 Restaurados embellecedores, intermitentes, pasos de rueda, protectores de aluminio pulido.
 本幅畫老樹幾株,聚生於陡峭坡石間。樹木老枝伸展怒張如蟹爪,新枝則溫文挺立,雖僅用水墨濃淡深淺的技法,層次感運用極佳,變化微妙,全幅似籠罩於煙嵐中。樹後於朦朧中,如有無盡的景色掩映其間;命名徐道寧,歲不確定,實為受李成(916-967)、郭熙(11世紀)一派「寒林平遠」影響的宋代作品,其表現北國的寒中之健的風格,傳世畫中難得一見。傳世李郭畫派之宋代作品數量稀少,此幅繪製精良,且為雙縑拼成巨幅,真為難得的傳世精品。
==
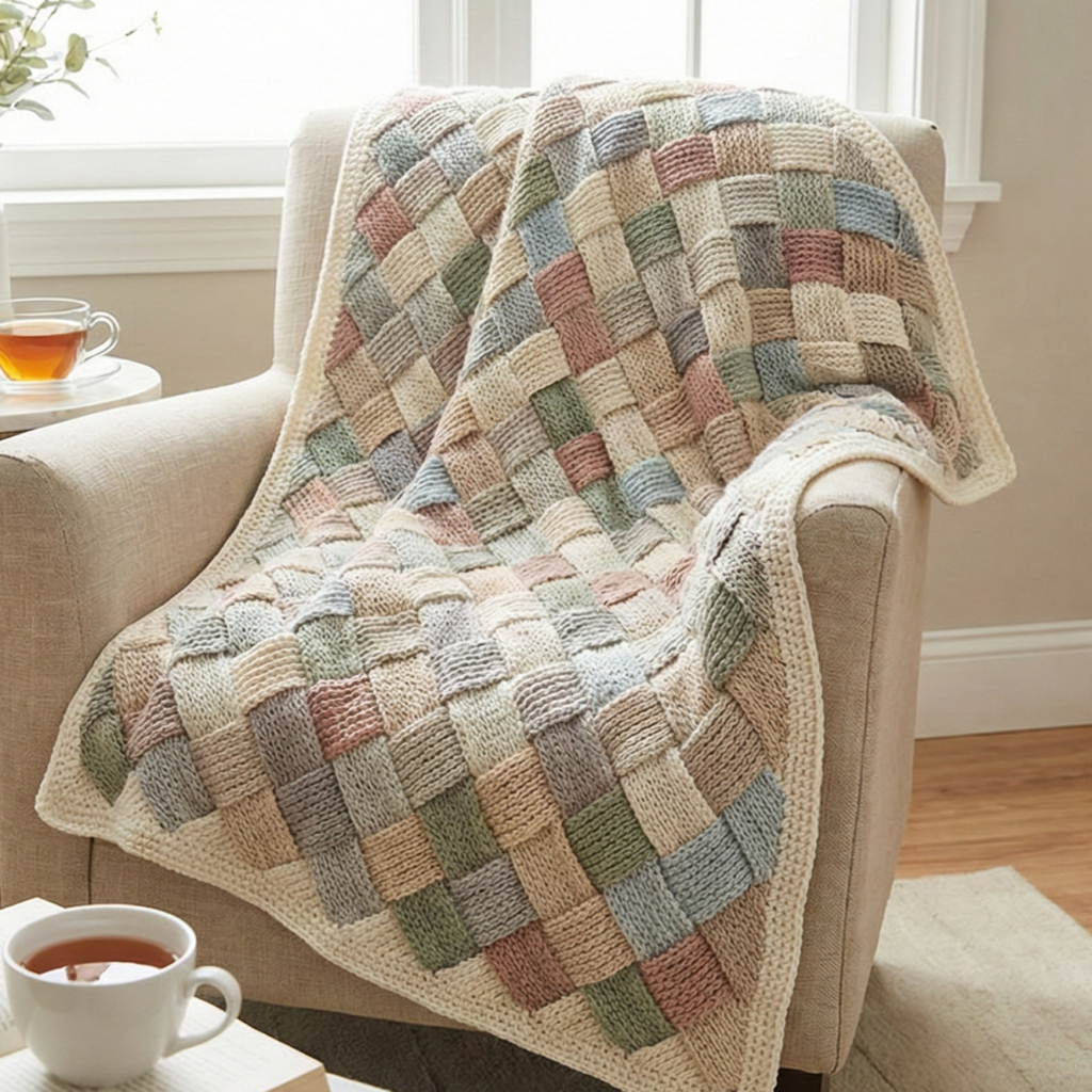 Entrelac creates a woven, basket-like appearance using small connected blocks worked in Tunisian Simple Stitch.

TASK ITEM: Beginning at the line above with "Restaurados embellecedores, intermitentes, pasos" and finishing at the line with "本幅畫老樹幾株,聚生於陡峭坡", return each line exactly and return nothing else.

SOLUTION TO THIS TASK:
 Restaurados embellecedores, intermitentes, pasos de rueda, protectores de aluminio pulido.
 本幅畫老樹幾株,聚生於陡峭坡石間。樹木老枝伸展怒張如蟹爪,新枝則溫文挺立,雖僅用水墨濃淡深淺的技法,層次感運用極佳,變化微妙,全幅似籠罩於煙嵐中。樹後於朦朧中,如有無盡的景色掩映其間;命名徐道寧,歲不確定,實為受李成(916-967)、郭熙(11世紀)一派「寒林平遠」影響的宋代作品,其表現北國的寒中之健的風格,傳世畫中難得一見。傳世李郭畫派之宋代作品數量稀少,此幅繪製精良,且為雙縑拼成巨幅,真為難得的傳世精品。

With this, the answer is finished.